# Android OLL Trainer (Free Download, No ads, no catch)



## VirKill (Oct 28, 2014)

Hi Guys!

I just made an app to help me mastering the OLL. I've been cubing since 2008, barely sub 20 but even until now haven't successfully master all OLL case. Therefore I design a straightforward OLL Trainer app to control which OLL case you're currently practicing, randomize your selection and give you the scramble to generate that particular OLL pattern. This way, you can also train your reflex when encounter the pattern you're currently train.

The app itself is supposed to be intuitive. You select several OLL in first page and in the second (timer page) it will randomize the case you've selected in the first page. I also put timer for you to know how long your execution time.











Let me know whether there’s a minor tweak I can do to make the app better. It will be revised in next update (soon).
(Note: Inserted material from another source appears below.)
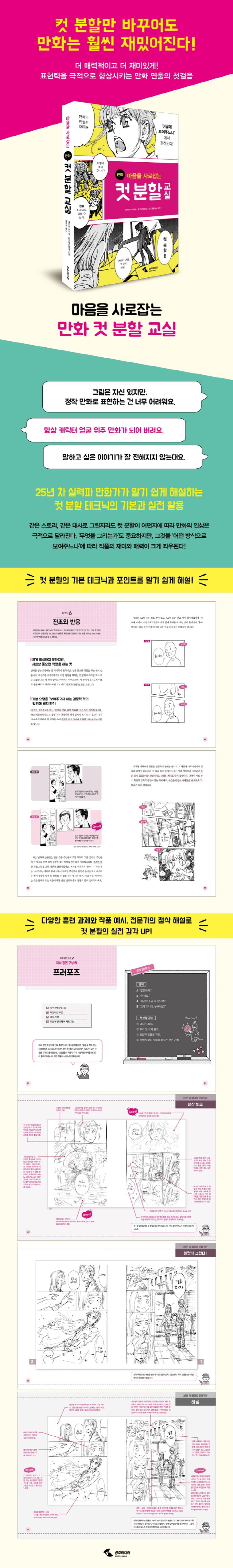 여타 이론 중심의 작법서와 달리 《마음을 사로잡는 만화 컷 분할 교실》이 지닌 가장 큰 장점은, 독자 스스로 부족한 부분을 구체적으로 인지하고, 보완·발전시키도록 유도하는 실천적인 책이라는 점이다. 흥미를 유발하는 과제에 적극적으로 도전하고, 다양한 사례와 첨삭 해설을 접하는 경험을 통해 컷 분할 활용의 실전 감각을 자연스럽게 기를 수 있을 것이다.

You can find this app in google play for FREE (no ads, no in app, no catch). However, please consider spare your time to give rating and write a nice review. It will helped a lot.

CLICK HERE TO DOWNLOAD (via google play)


----------



## mns112 (Oct 28, 2014)

Can you make one for Cll and other stuff and put it i the app?
You could the call it last layer trainer(LLT)


----------



## JimmyTheCuber (Oct 28, 2014)

Make a version where pll, oll, cll, etc are all in 1 app


----------



## JonathanH (Oct 28, 2014)

Ooooh I would love some C(O)LLs, or even ZBLLs


----------



## VirKill (Oct 29, 2014)

Whoaa, so much to add. I dont think I have time for that, though.. 

It will be easier if I make separate apps for it.


----------



## mns112 (Oct 29, 2014)

instead of inversing the scramble why dont you truly make random moves resulting in an oll case like kingen timer


----------